═════ Source material ═════

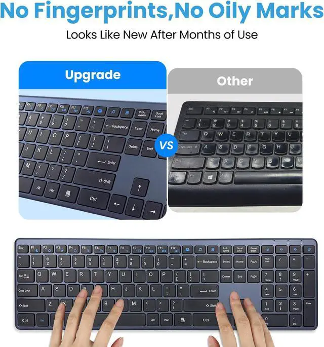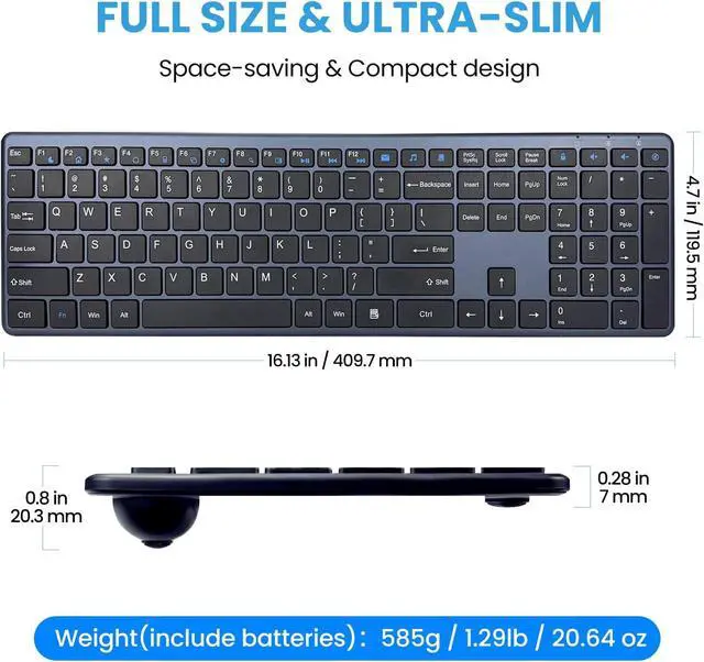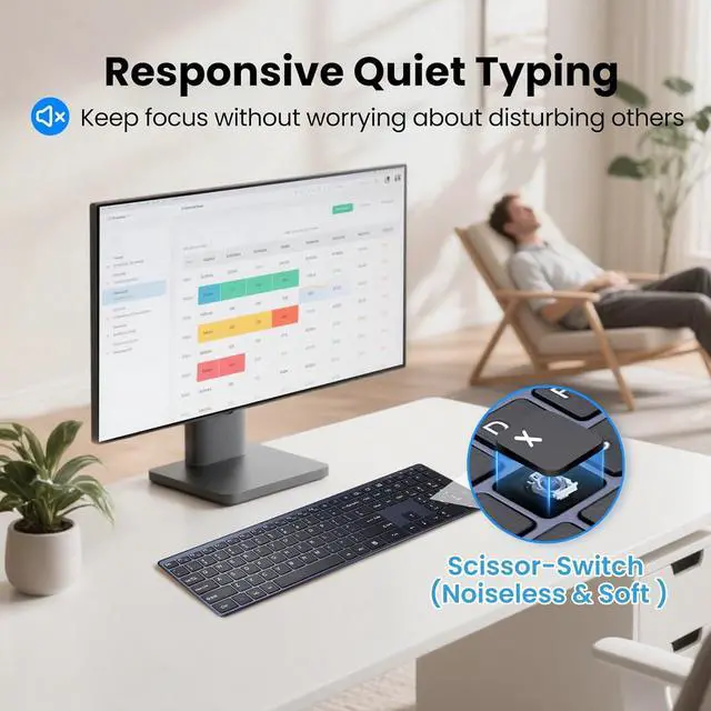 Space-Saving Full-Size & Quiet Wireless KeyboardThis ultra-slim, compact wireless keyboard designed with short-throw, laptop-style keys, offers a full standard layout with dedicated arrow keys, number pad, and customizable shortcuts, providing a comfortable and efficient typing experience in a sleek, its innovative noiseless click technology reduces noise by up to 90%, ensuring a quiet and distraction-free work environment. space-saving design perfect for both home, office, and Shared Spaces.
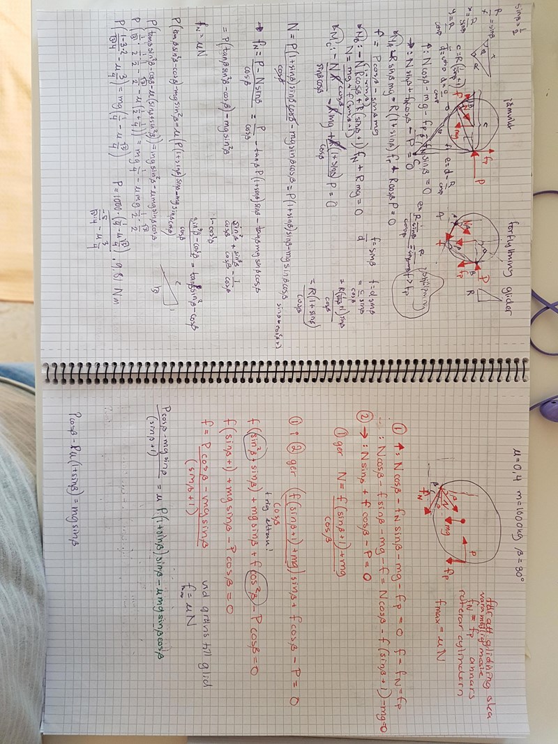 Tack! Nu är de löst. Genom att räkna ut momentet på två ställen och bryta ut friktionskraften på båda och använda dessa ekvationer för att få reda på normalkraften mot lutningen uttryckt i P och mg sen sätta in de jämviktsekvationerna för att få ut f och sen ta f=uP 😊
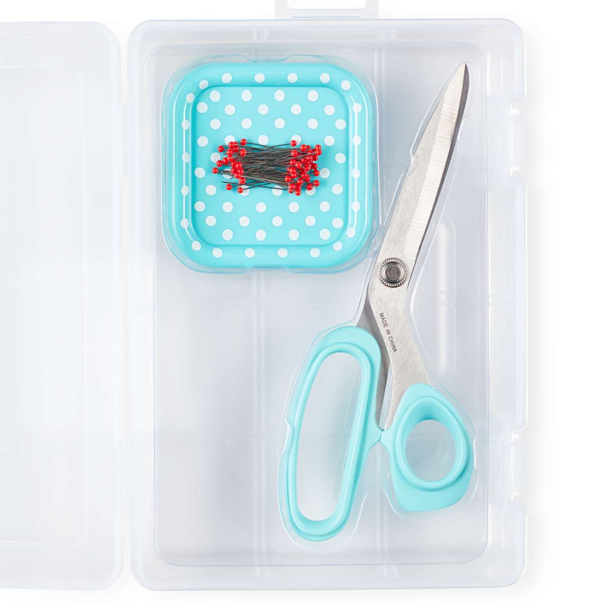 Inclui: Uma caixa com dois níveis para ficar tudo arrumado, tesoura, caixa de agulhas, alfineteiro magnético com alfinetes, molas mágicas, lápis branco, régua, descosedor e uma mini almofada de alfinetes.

═════

The answer must be the full listing, restated word for word, with no pictures in it.

* [Result for this task]:
 Space-Saving Full-Size & Quiet Wireless KeyboardThis ultra-slim, compact wireless keyboard designed with short-throw, laptop-style keys, offers a full standard layout with dedicated arrow keys, number pad, and customizable shortcuts, providing a comfortable and efficient typing experience in a sleek, its innovative noiseless click technology reduces noise by up to 90%, ensuring a quiet and distraction-free work environment. space-saving design perfect for both home, office, and Shared Spaces.
 Tack! Nu är de löst. Genom att räkna ut momentet på två ställen och bryta ut friktionskraften på båda och använda dessa ekvationer för att få reda på normalkraften mot lutningen uttryckt i P och mg sen sätta in de jämviktsekvationerna för att få ut f och sen ta f=uP 😊
 Inclui: Uma caixa com dois níveis para ficar tudo arrumado, tesoura, caixa de agulhas, alfineteiro magnético com alfinetes, molas mágicas, lápis branco, régua, descosedor e uma mini almofada de alfinetes.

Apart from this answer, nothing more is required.